Real time analytics is used in several different ways. In this post, I’ll give you a quick introduction to real time analytics and distinguish between some of the ways the term is used.
Real Time Scoring of Data Using Precomputed Analytic Models
Perhaps the most important way that the term is used is to describe the real time scoring of data stream using an analytic model. The most common standard for describing analytic models is the Predictive Model Markup Language or PMML. In the modeling environment, a trained individual aggregates the data, cleans and preprocesses the data, and then uses modeling software to build an analytic model, which can be exported as a PMML file, as in the top have of the diagram below.
This PMML model can then be deployed in operational environments, as in the lower half of the diagram. A stream of data can then be scored using the analytic model in “real time.” Notice that in this case, the model does not change automatically, it simply scores the data. Of course, in practice, the team that builds the analytic models also rebuilds them from time to time.
Real Time Scoring of Data Using Continuously Updated Models
In the first example, the analytic model was built over all of the data and did change until it was rebuilt on new data.
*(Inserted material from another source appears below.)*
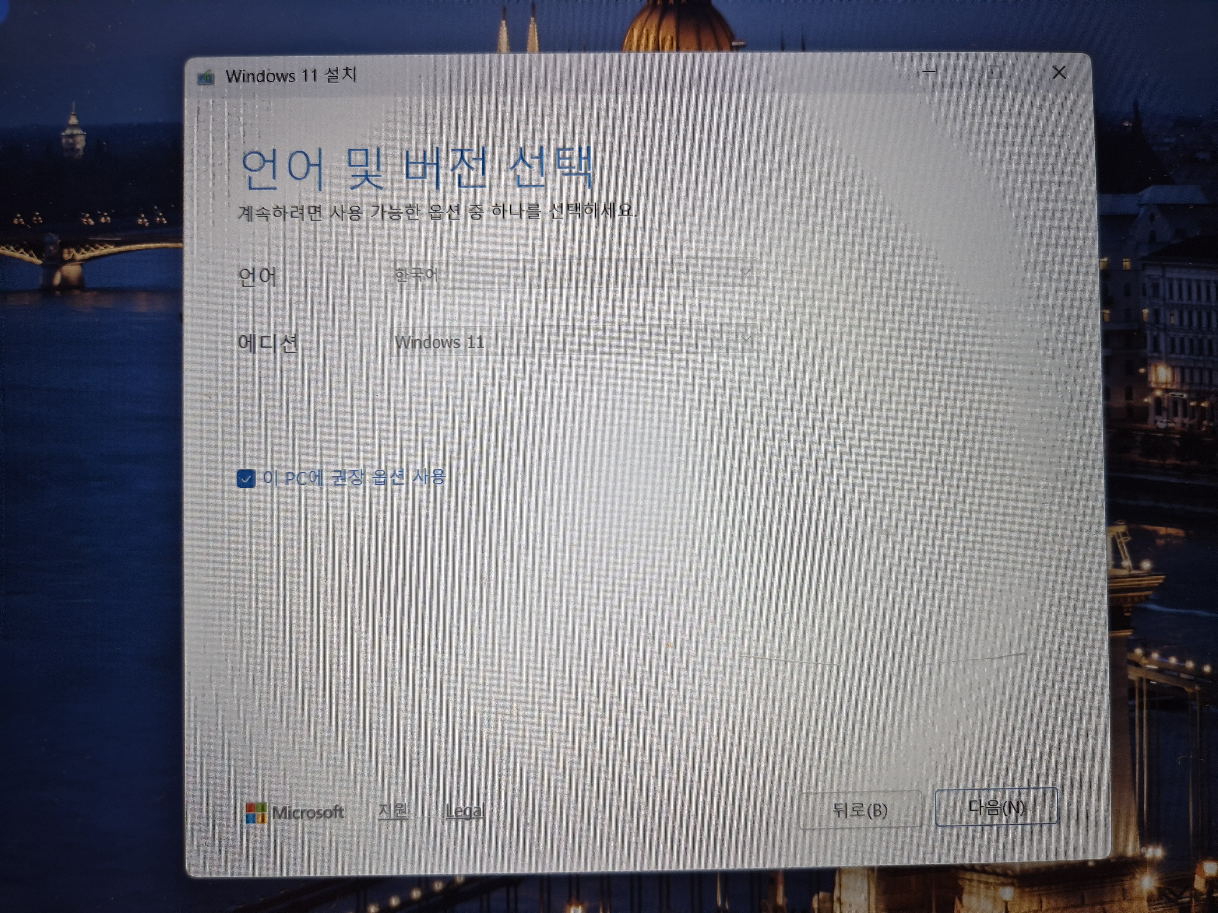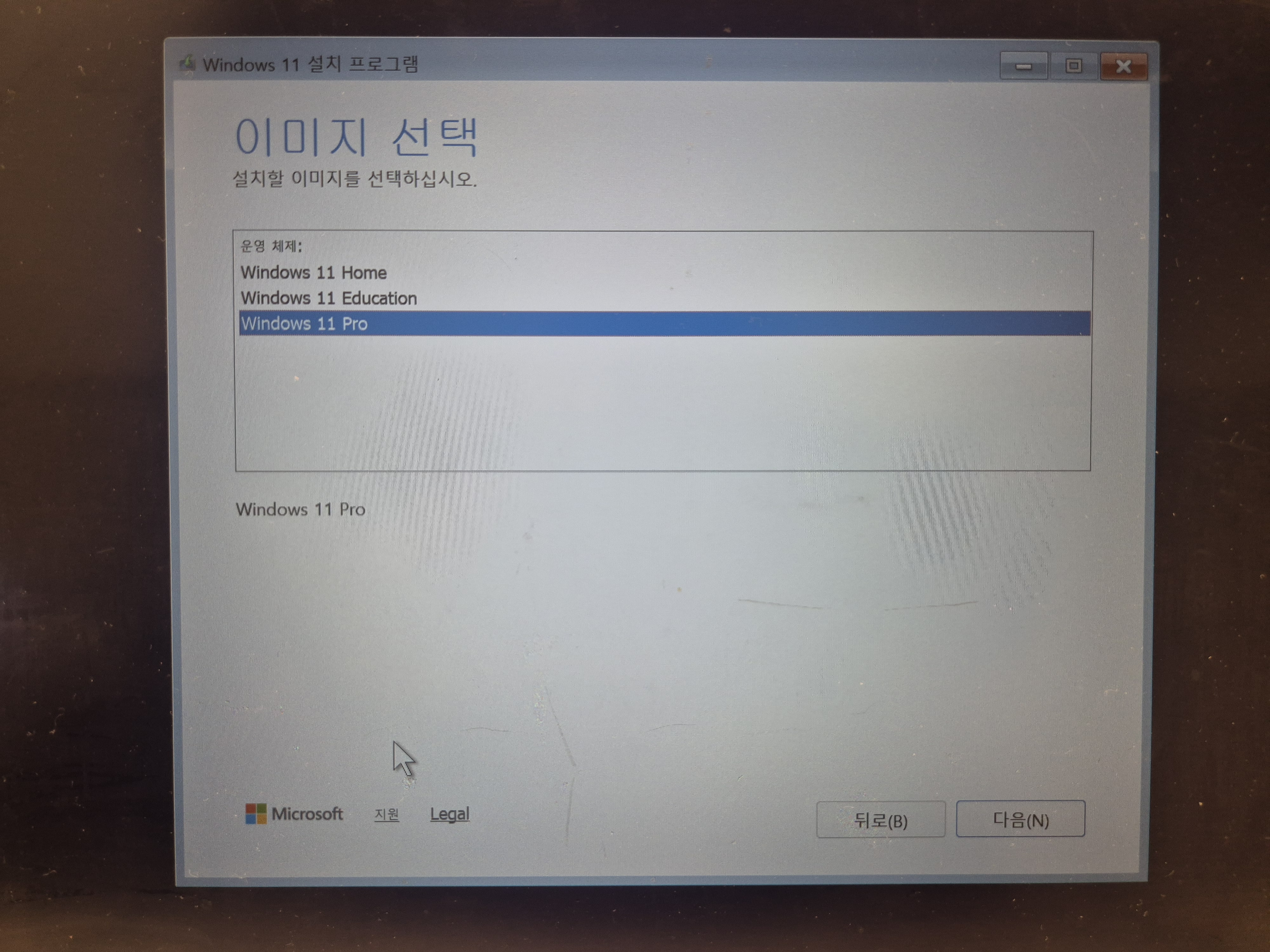 기존이 Windows 10 Pro였다면 Windows 11 Pro 선택
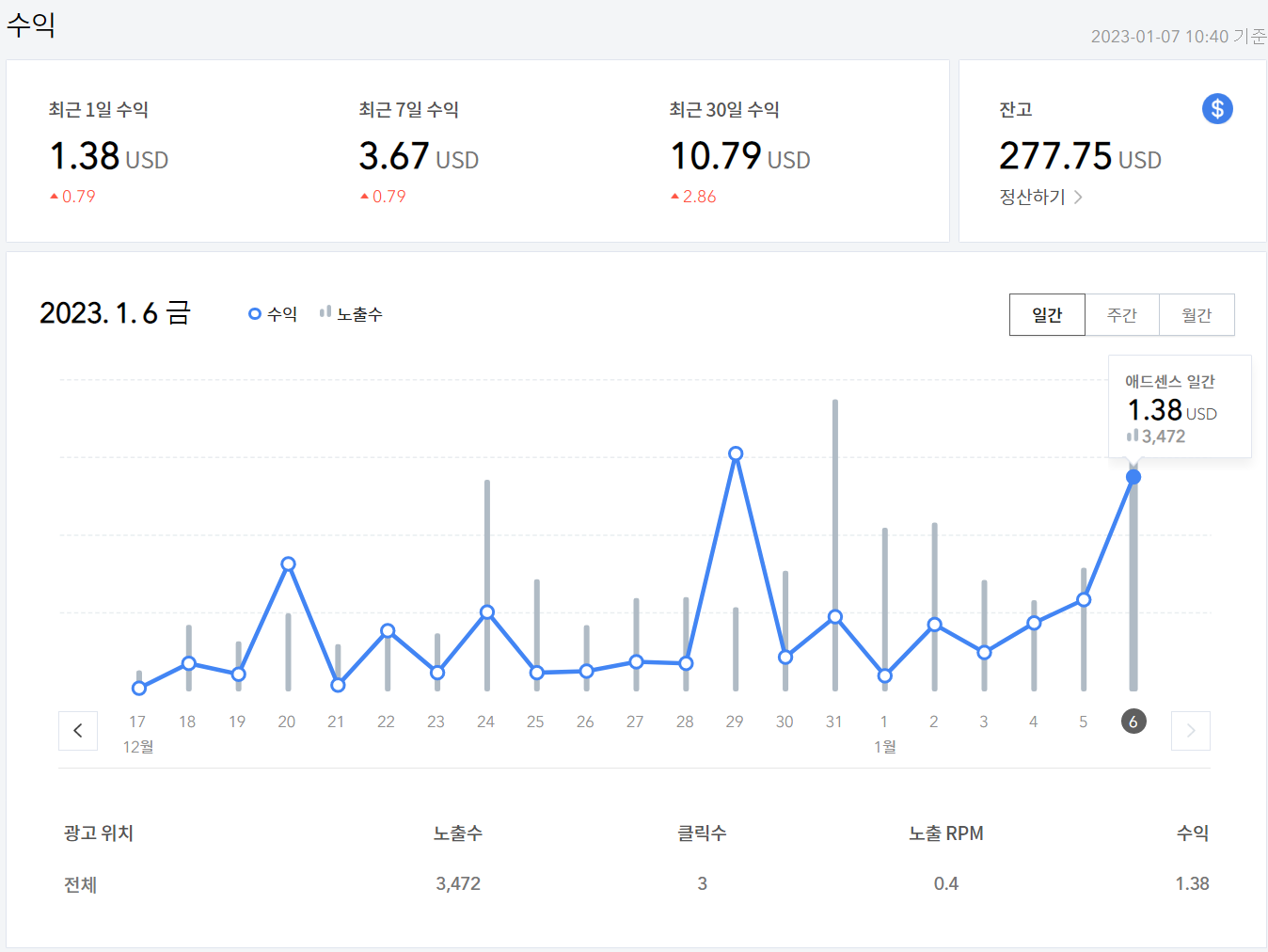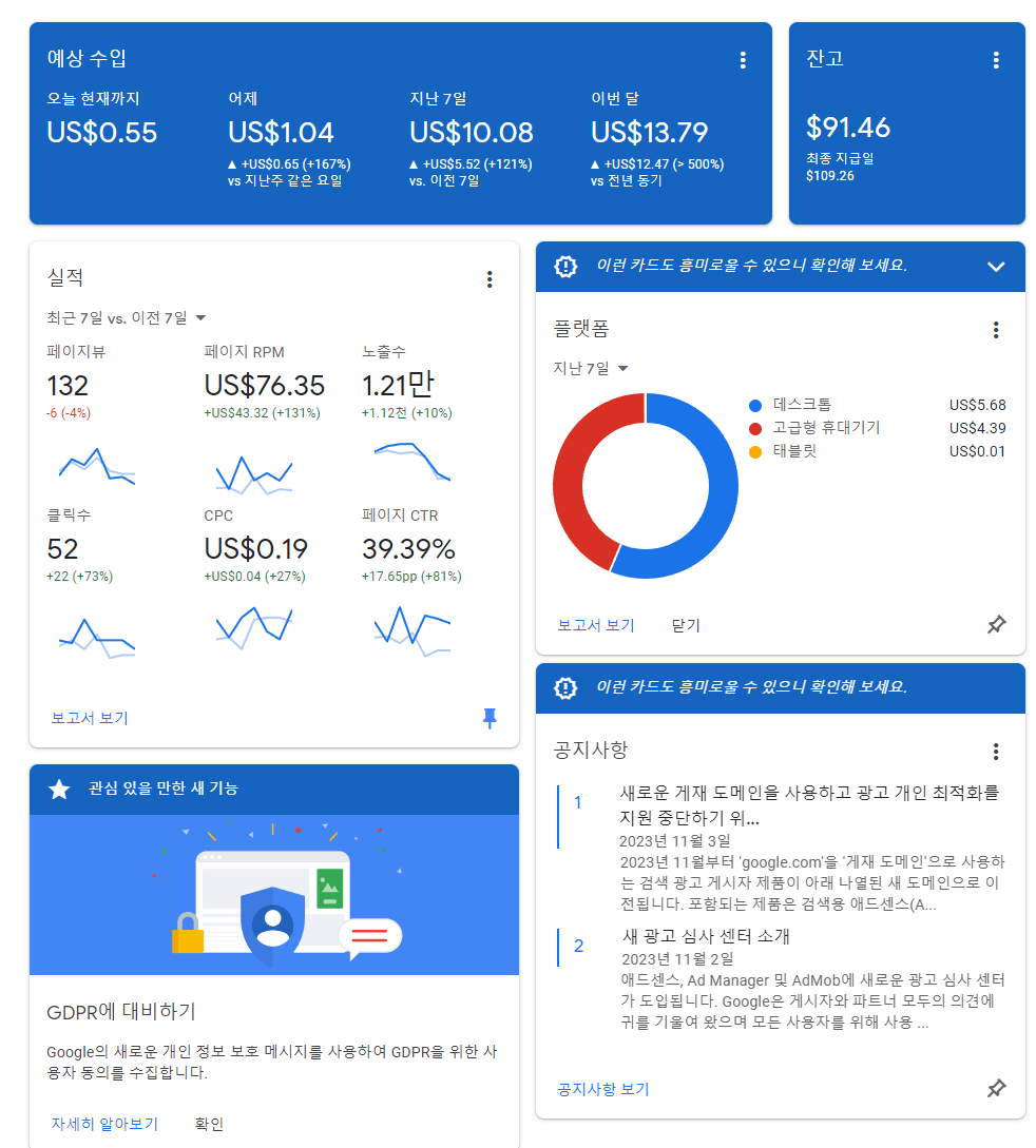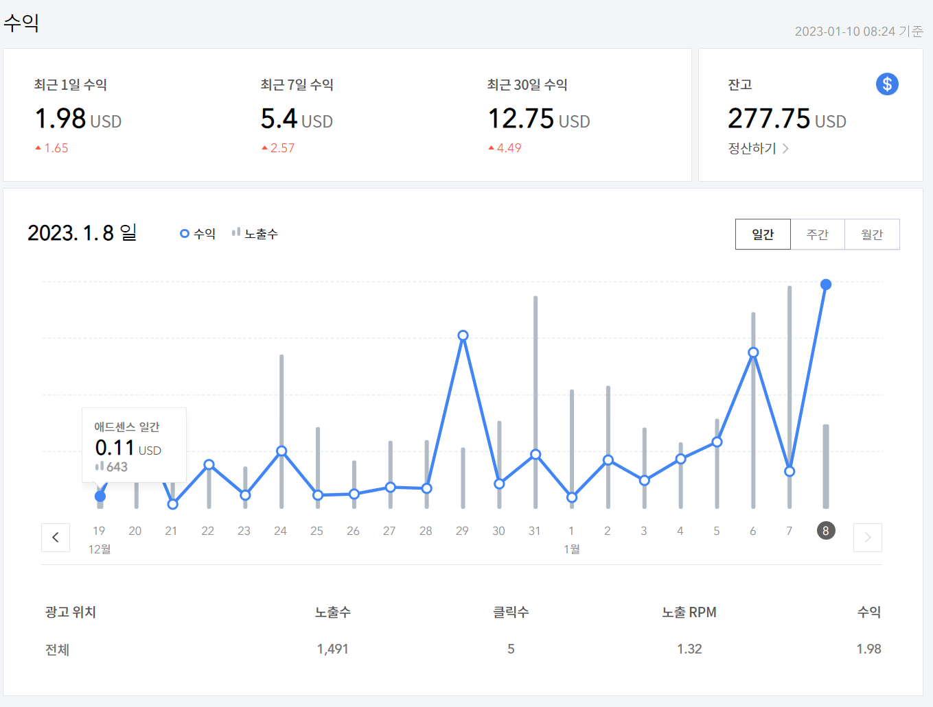 수익이 대단하지는 않지만, 조금씩 들어오는 수익을 보자면 티스토리를 한 지는 약 3년정도 되어간다. 누군가에게는 도움이 되는 글을, 나에게는 소장할 만한 기록을 그게 나중에 도움이 될만한 지침이 될만한 기록을 노트처럼 기록해봤다. 큰 수익은 아니고 이걸로 경제적으로 도움이 크게 되지는 않지만, 가끔 소소하게 지인들에게 커피한 잔 사줄 정도는 되는 것 같다. 한달 수익은 10달러 겨우 1만원 조금 넘는 돈이지만 소소한 수익이 재미있다. 그저 나의 글들이 도움이 되었다고 생각을 하며 만족을 하고 있다.

Some analytic models have the property that they can be updated incrementally with each new data record that comes along.
A good example, is the nearest neighbor (NN) model. The NN model contains all the data over which it was built and simply assigns a record to be scored, the label of the nearest record in the model. There is an obvious incremental version of the algorithm that consists of the model that results from adding each new data point to the current model to produce the new model.
Note that in practice continuously updated models like this run in computers that have a finite amount of storage and a finite amount of disks.
The subject of streaming analytics is concerned with how to build analytic models in which data is presented incrementally and there is a finite amount of memory and storage.
Real time analytics with continuously updated models is essentially the first use case but instead of periodically updating the model manually, models are updated with each new record that they consume.
Event Stream Processing
More recently, systems such as Storm and S4, use an elastic scale out architecture to process streams of data in parallel in real time. Most often rules are used to process the data, but analytic models could also be used.
In a later post, we will discuss this third example of real time processing in more detail.